How do you get the clock recessed in the wood? Looks good and I have a nice piece of wood for this.


----------



## bill (May 21, 2004)

Profish00 said:


> How do you get the clock recessed in the wood? Looks good and I have a nice piece of wood for this.


I used a Forstner bit. The hard part for me was to secure the piece using towels so the vise would not scratch the wood finish. I marked the bit with tape so I knew how deep to drill. Made several dry fits and it was all done. The first one I glued into place LOL Then 30 minutes later remembered these used batteries LOL The others I just made sure it was a tight fit so the batteries could be replaced.
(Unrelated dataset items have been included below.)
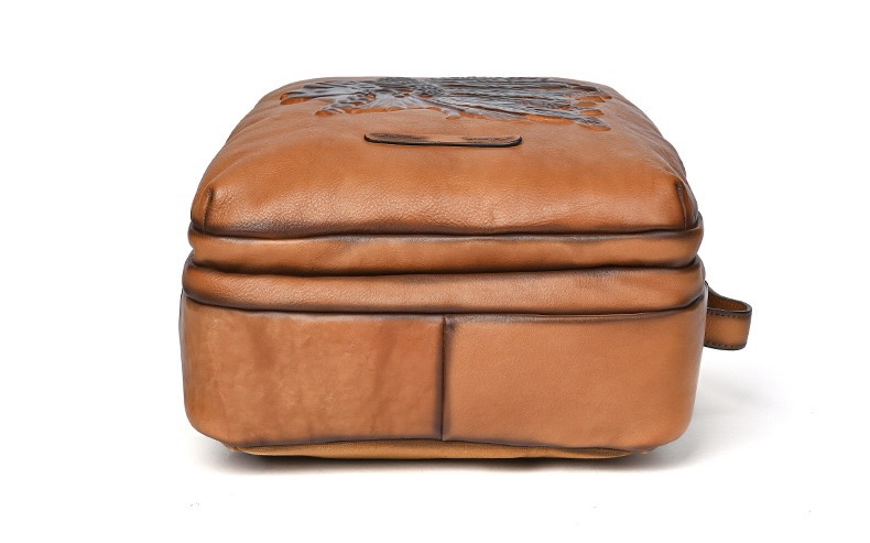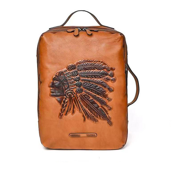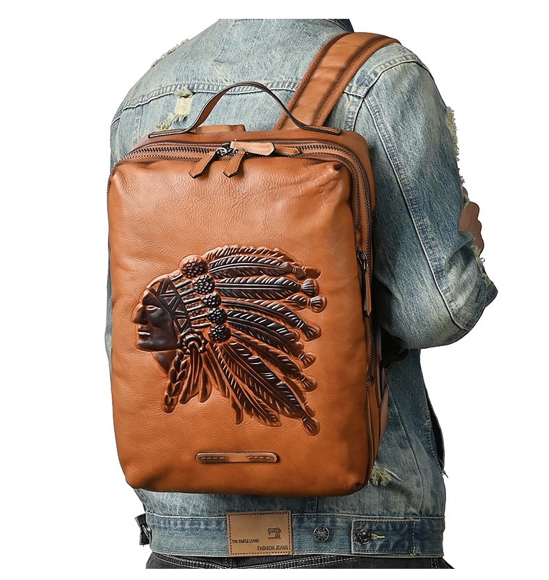 Crafted from 100% full grain vegetable-tanned cowhide leather, this backpack features a hand-embossed Indian chief pattern for a bold vintage style. The durable, soft leather develops a rich patina over time, while the spacious design fits most laptops up to 15.6 inches. With multiple compartments, adjustable straps, and a top handle, it offers practicality for commuting, travel, and casual use—perfect for the modern man who values authentic craftsmanship.
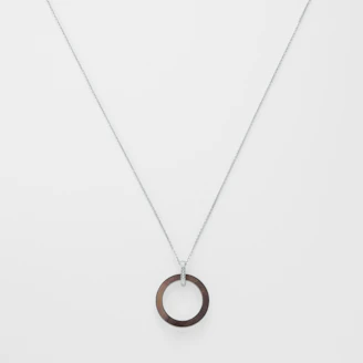 洗練されたサークルフォルムと黒蝶貝の奥行きある輝きがシックなネックレス。
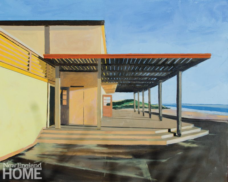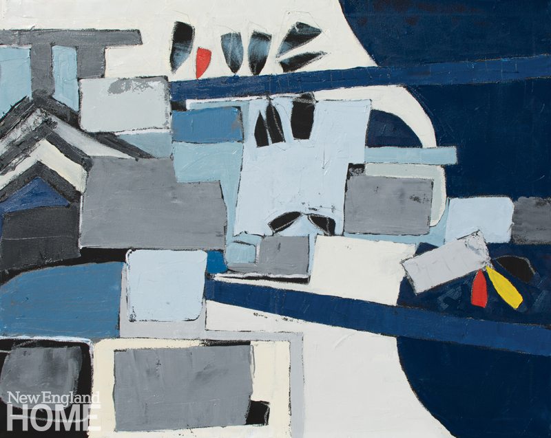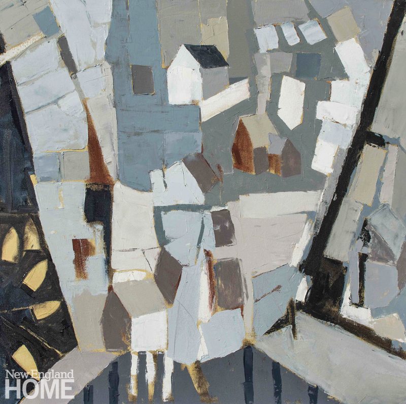 So Kelly absorbed. He explored the streets, views, buildings, docks, and beaches in Provincetown, looking for interesting angles and points of beauty to catch his interest. He would sketch a scene, then fill in the sketches with watercolor, and eventually transform the watercolor into oil on canvas. The more he painted, the less concerned he became with getting the exact shade of the house right or including details like windows and doors in a building. Over time, he tweaked his style to focus more on shadows, light, and composition, which works well with his Google Earth explorations. “Now, I’ll go right to a canvas without previously drawing and put it down as it comes,” Kelly says. “That’s very different from the way I started, when it was very measured. Now, you can see the shape of a building, but it’s not the most important thing. The thoughts are all there, and you can put it together, but I don’t feel like I’m responsible for showing something as it really is.”
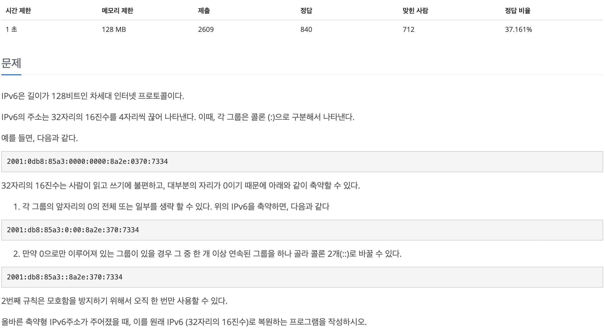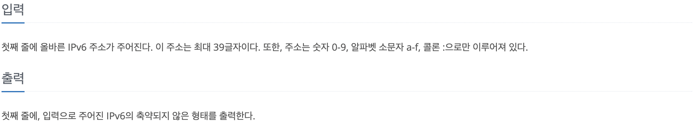 ! 해당 규칙을 토대로 축약된 IPv6 주소를 축약되기 전의 형태로 바꾸어 출력하는 문제 !
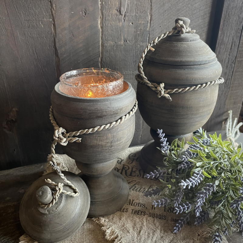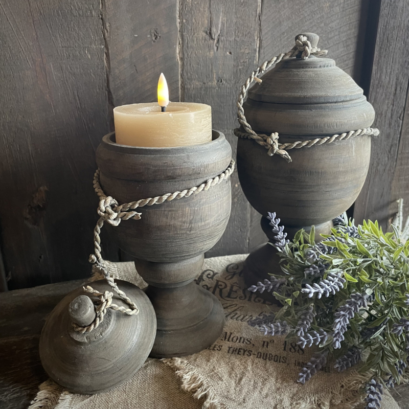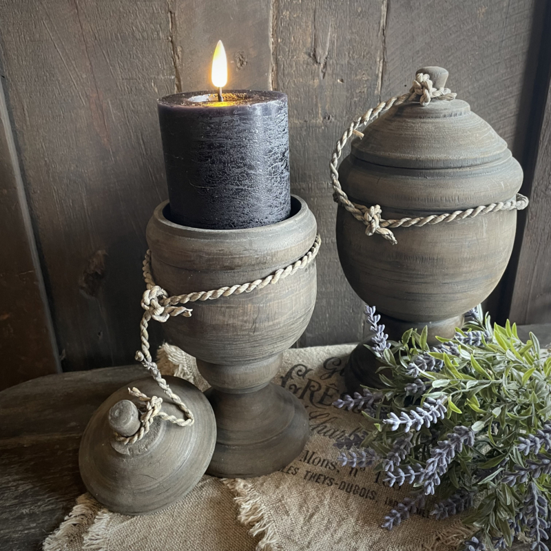 Houten pot op voet met deksel 'nieuw'. Ook ideaal om als voorraadpot te gebruiken, bijvoorbeeld met koffiebonen/ cups, suikerklontjes of om theelichtjes in te bewaren. De hoogte is 22,5 cm. En de diameter is 10,5 cm.
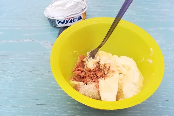 - Mettete tonno ben sgocciolato, philadelphia, parmigiano e pangrattato (se volete usarlo) in una ciotola e amalgamate bene con una forchetta.
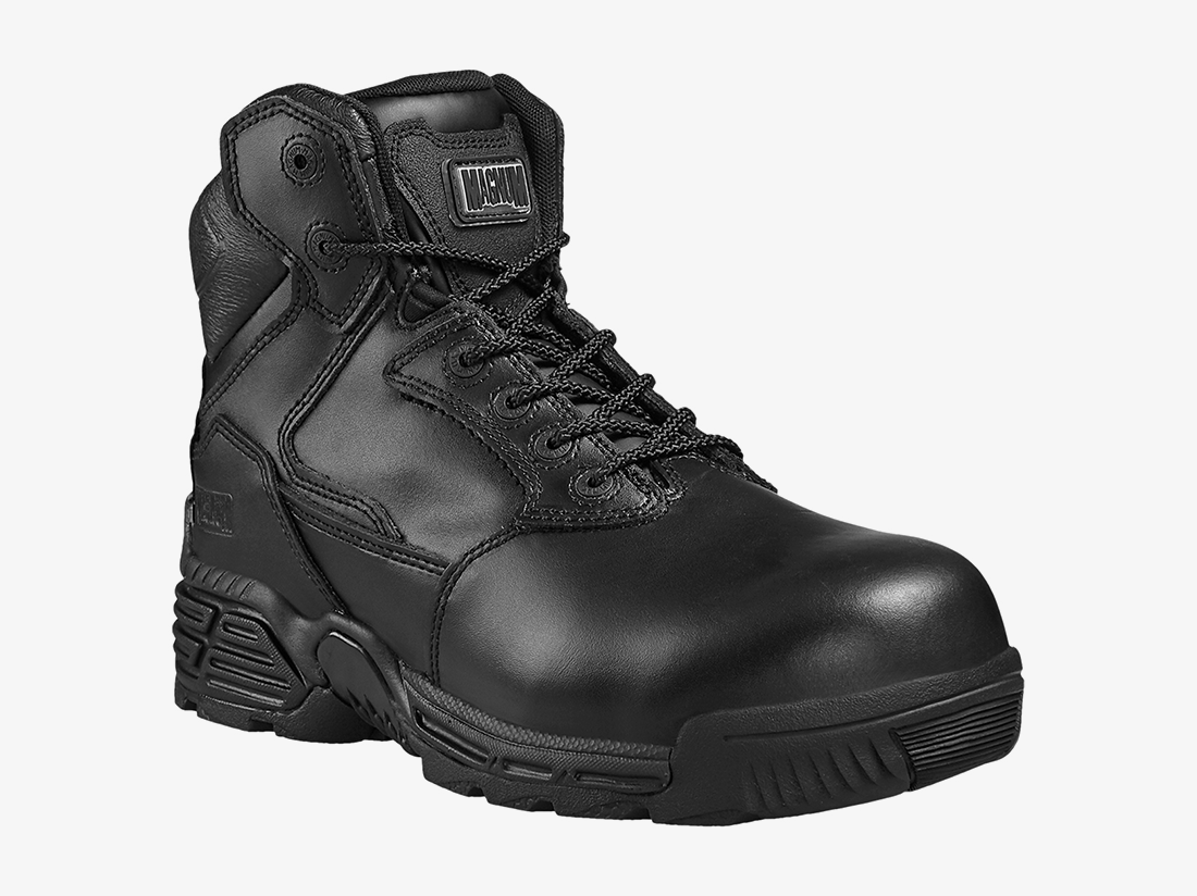 De Magnum Stealth Force 6.0 Leather Composite Toe & Plate is een 6-inch uniforme veiligheidslaars voor zowel mannen als vrouwen, ontworpen voor professionals die vertrouwen op duurzaamheid, comfort en betrouwbare bescherming. Het hoogwaardige leren bovenwerk is slijtvast en voorzien van scanner-veilige, niet-metalen composiet hardware, waardoor de laars geschikt is voor werkomgevingen met veiligheidscontroles.
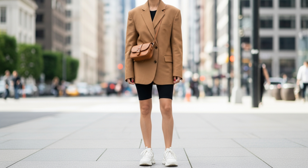 2. Oversized Blazer with Biker Shorts — Effortless Street Chic
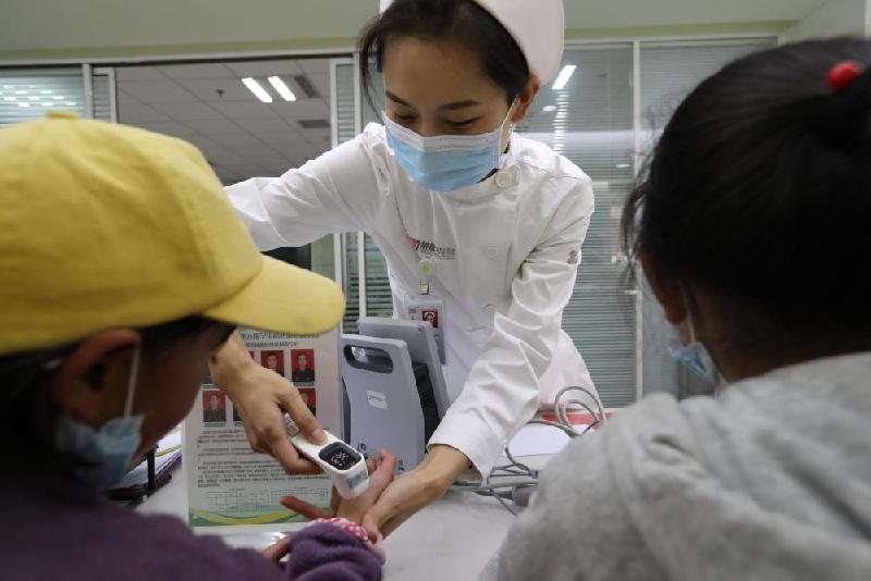 为患儿进行出院前复诊。陈峥 摄
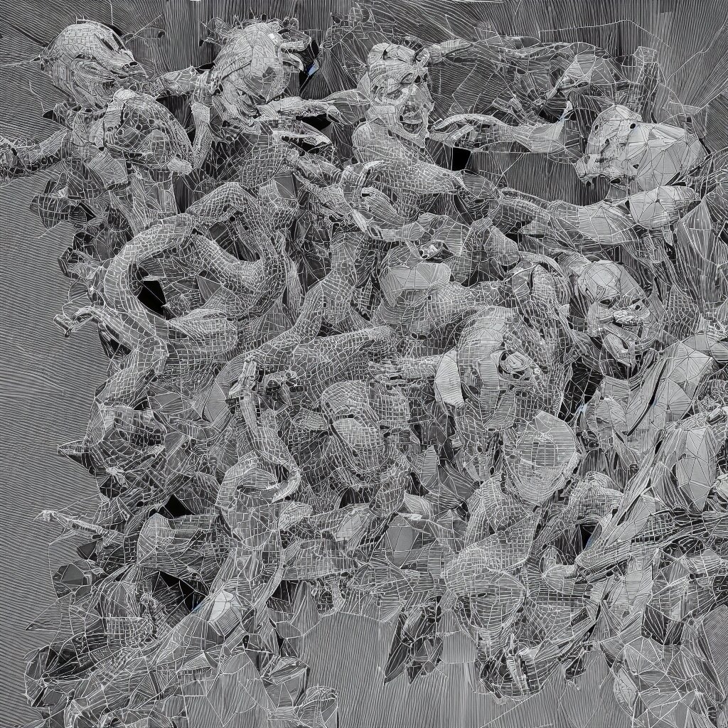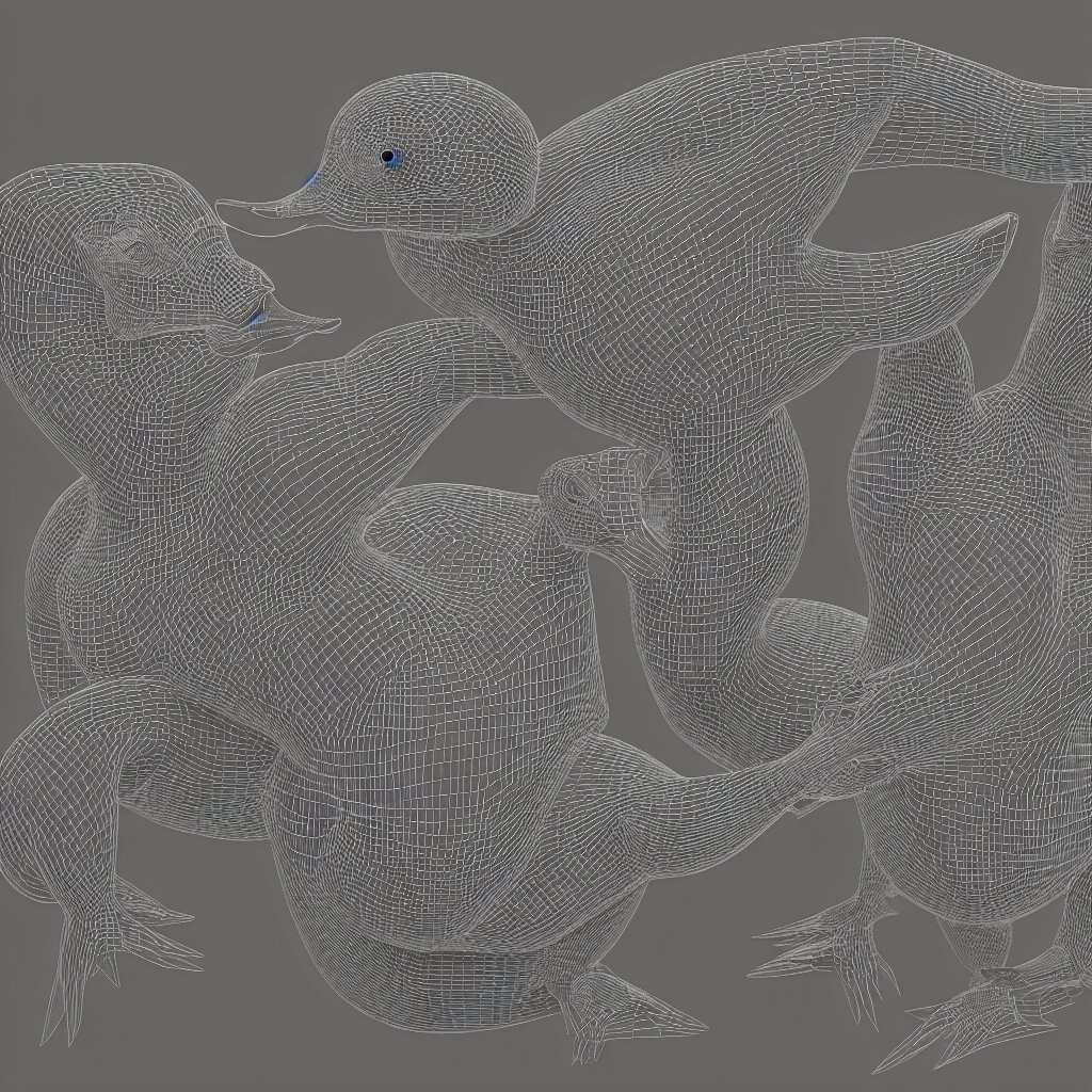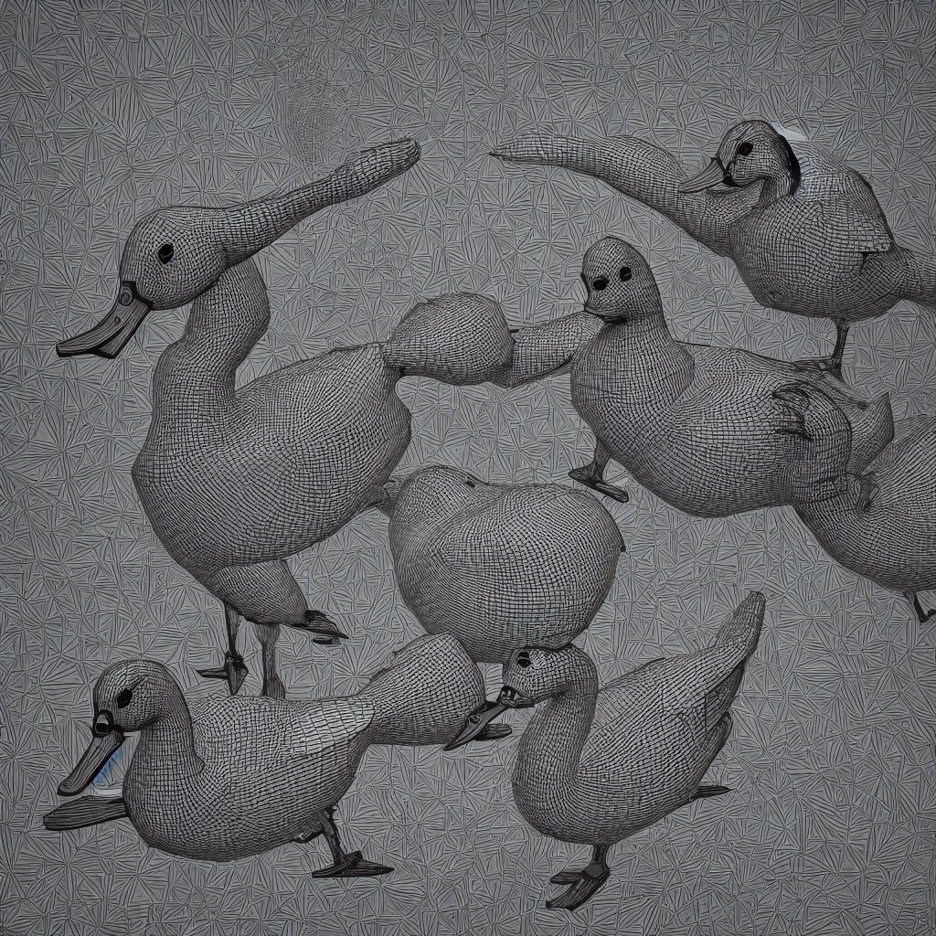 Duck brothers giving a secret handshake, closeup, wireframe 3d geometry warping in the background, in the style of james jean and hiroya oku, manga, extremely detailed, ambient lighting, intricate penwork, beautiful, epic, 8k, 3d render

The wood I'm looking for to make the wall clocks differ. One of the mistletoe would look good but any large enough so I can cut out shapes woud also be fine. My wife wants one for the kitchen in the shape of Texas. They only need to be 1/2 inch thick.


----------



## 3192 (Dec 30, 2004)

After a lot of trial and error, I came up this this method of drilling in those round projects. I clamp a sacrificial board to the drill press and run the Forstner bit about 3/8" deep. This hole will 'index' and center the hole for the clock kit. To knock down the edge for the clock to fit properly...I keep the same set up and run a sanding disk to face a small face/lip. It's a fun, fast and cheap project...pefect for those quick gifts. gb

ps...It's HOT, HOT, HOT in that shop!


----------



## Flat Fish (Jun 18, 2005)

Great tip on the sacrificial board and sanding disk. It is nice to see how these great pieces are made.


----------